My understanding is that the CADF tests the null hypothesis which is that the series is non-stationary or NOT cointegrated. First, a p value of .05 or smaller is considered statistically significant. Therefore, we would reject the null hypothesis if and only if the p-value is smaller than 0.05, if not, I can't reject the null and my series can be considered as non-stationary or NOT cointegrated. If the p value is less than 0.05 we can consider the series to be cointegrated. Am I correct?

Could you please explain the Dickey Fuller Test Statistic, the lag order, and Rho (1=random walk,0=w noise)? (These are the inputs and outputs in the excel add-in that you provided the link to)

Also, how are the results interpreted?

After we have found that the p value is less than 0.05 for the residuals of OLS between prices of stocks 1 and 2, how do you determine the optimum hedge ratio? Do you just use the slope of the linear regression of stock 1 price vs. Stock 2 price?

I know I’ve asked a lot of questions, but any help would be greatly appreciated.

Thanks,

A

A,

You are right about the p-value.

You can try different lag orders to find out which one will lead to cointegration.

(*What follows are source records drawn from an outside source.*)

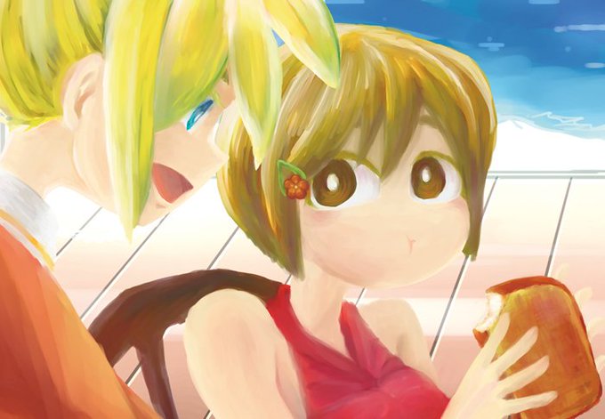 空穂様との合同作品でご寄稿いただきました。南の島でバカンス中!仲良くお揃いのハイビスカスをつけた二人が、とっても可愛い作品です!
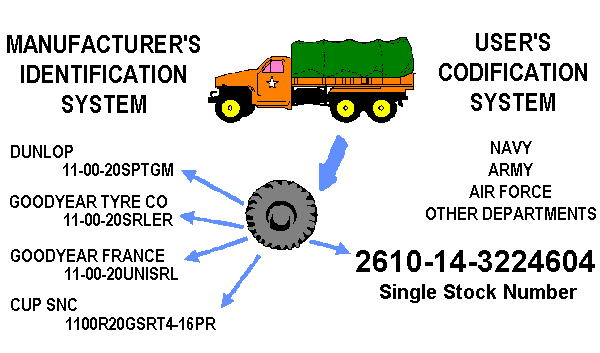 Ziffern 1-4 sind der NATO Supply Classification (NSC) Code, der eine Verbindung zwischen der Position und der Gruppe bzw. Klasse ähnlicher Elemente herstellt.
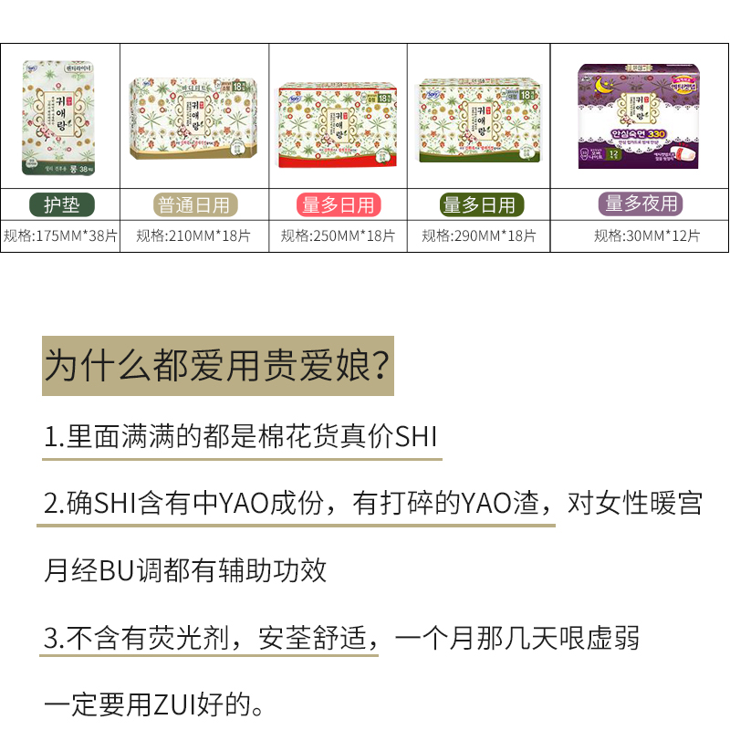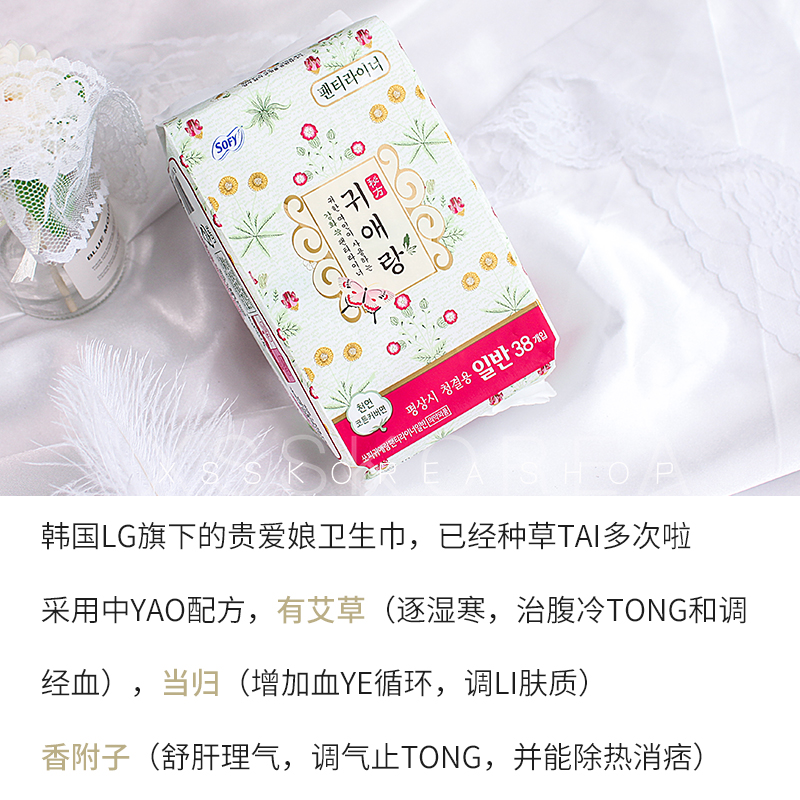 South Korea's LG Gui Ai Niang Zhongcao yao sanitary pads sanitary pads without fluorescent agent to remove odors for day and night use

I am not familiar with Rho, as I don't personally use this Excel program. I use the Matlab program instead.

The optimum hedge ratio is determined by linear regression between the 2 price series.

For more details of how this is done, you can read examples 3.6 and 7.2 of my book.

Ernie

Hello,

I run Amibroker and have been trying to find a way to code in the ADF test to get a t-stat or something.

I have already programmed the regression coefficient and the hald life but don't know how to do the ADF test.

Ive looked online and there is no clear explanation(well to me anyways) of what you have to do step by step to obtain this stat. Are you aware of anay such explanation?

Thanks,

J

Hi Ernie,

Does any cointegrated pair have a mean reverting reiduals process? In my opinion, if the optimal lag order p, given by the Augmented Dickey Fuller Test, is different from 0 then the residual of OLS between prices of stocks 1 and 2 is not a stationary process and therefore the corresponding pair cannot be used as a trading pair. In fact, in that case, the residuals process is an AR(p) and thus does not have a constant mean. Am I right?

Thank you,

James.

Hi James,

p is not the lag, it is the order of polynomial. But if p>0, you are right that you have to allow for a non-zero drift in your time series. But that's not a problem with mean-reverting trade: it just says you should also have a long term long or short position, but also trade around it.

Ernie

Ernie,

Have you ever used the adf.test function in R. I ran it in a few time series in pairs, and it keeps giving DF statistics of higher than postive 1.5 and p-values of over 0.99. What do you think could be the cause?

BSendero@gmail.com

Hi intuit,

I actually haven't tried any programs in R myself.

Ernie

Hi Ernie,

Is there a way to conduct ADF test on basket of currencies instead of just a pair? I want to test the mean reverting theory on basket of currencies. If there is, then how to implement or what tool to use. Appreciate your reply.

Sincerely,

Kan

Hi Kan,

If you want to find a basket of currencies that cointegrate, you should use the Johansen test instead.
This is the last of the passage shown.